Exercise requirements >> Extract the full listing verbatim and drop any pictures from your copy.

Information provided >>
# # # # #

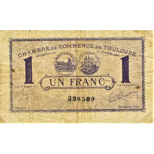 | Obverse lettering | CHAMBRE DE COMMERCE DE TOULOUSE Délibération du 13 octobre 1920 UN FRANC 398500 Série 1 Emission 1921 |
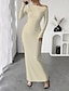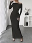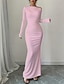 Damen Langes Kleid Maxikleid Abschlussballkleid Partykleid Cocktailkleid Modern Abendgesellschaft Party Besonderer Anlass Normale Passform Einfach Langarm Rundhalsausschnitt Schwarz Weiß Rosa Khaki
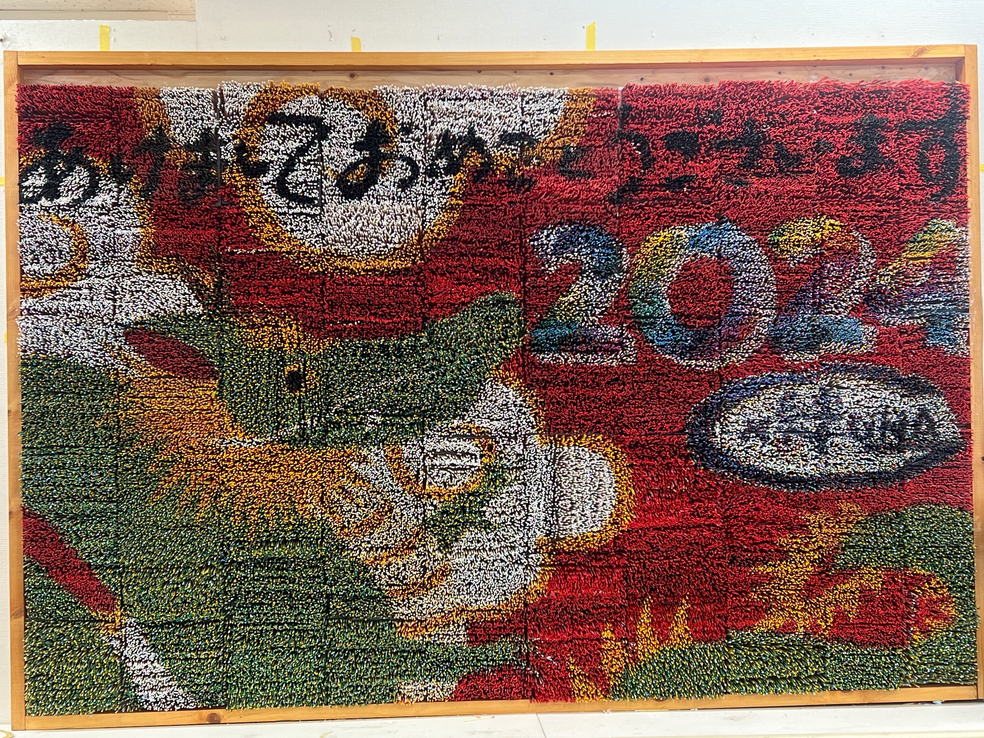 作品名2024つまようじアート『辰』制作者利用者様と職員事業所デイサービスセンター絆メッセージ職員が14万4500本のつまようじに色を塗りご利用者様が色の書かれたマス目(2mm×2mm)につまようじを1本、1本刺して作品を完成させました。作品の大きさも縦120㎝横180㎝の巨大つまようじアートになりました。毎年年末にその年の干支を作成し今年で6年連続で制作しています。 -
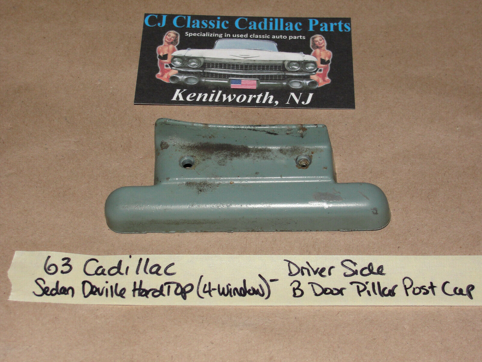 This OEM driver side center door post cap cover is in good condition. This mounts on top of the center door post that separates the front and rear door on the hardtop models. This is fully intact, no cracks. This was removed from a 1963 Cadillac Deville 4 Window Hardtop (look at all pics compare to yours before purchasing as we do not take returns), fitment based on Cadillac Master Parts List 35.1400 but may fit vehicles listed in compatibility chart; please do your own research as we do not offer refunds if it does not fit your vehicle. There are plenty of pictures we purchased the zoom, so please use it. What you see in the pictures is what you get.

# # # # #

The answer >>
 | Obverse lettering | CHAMBRE DE COMMERCE DE TOULOUSE Délibération du 13 octobre 1920 UN FRANC 398500 Série 1 Emission 1921 |
 Damen Langes Kleid Maxikleid Abschlussballkleid Partykleid Cocktailkleid Modern Abendgesellschaft Party Besonderer Anlass Normale Passform Einfach Langarm Rundhalsausschnitt Schwarz Weiß Rosa Khaki
 作品名2024つまようじアート『辰』制作者利用者様と職員事業所デイサービスセンター絆メッセージ職員が14万4500本のつまようじに色を塗りご利用者様が色の書かれたマス目(2mm×2mm)につまようじを1本、1本刺して作品を完成させました。作品の大きさも縦120㎝横180㎝の巨大つまようじアートになりました。毎年年末にその年の干支を作成し今年で6年連続で制作しています。 -
 This OEM driver side center door post cap cover is in good condition. This mounts on top of the center door post that separates the front and rear door on the hardtop models. This is fully intact, no cracks. This was removed from a 1963 Cadillac Deville 4 Window Hardtop (look at all pics compare to yours before purchasing as we do not take returns), fitment based on Cadillac Master Parts List 35.1400 but may fit vehicles listed in compatibility chart; please do your own research as we do not offer refunds if it does not fit your vehicle. There are plenty of pictures we purchased the zoom, so please use it. What you see in the pictures is what you get.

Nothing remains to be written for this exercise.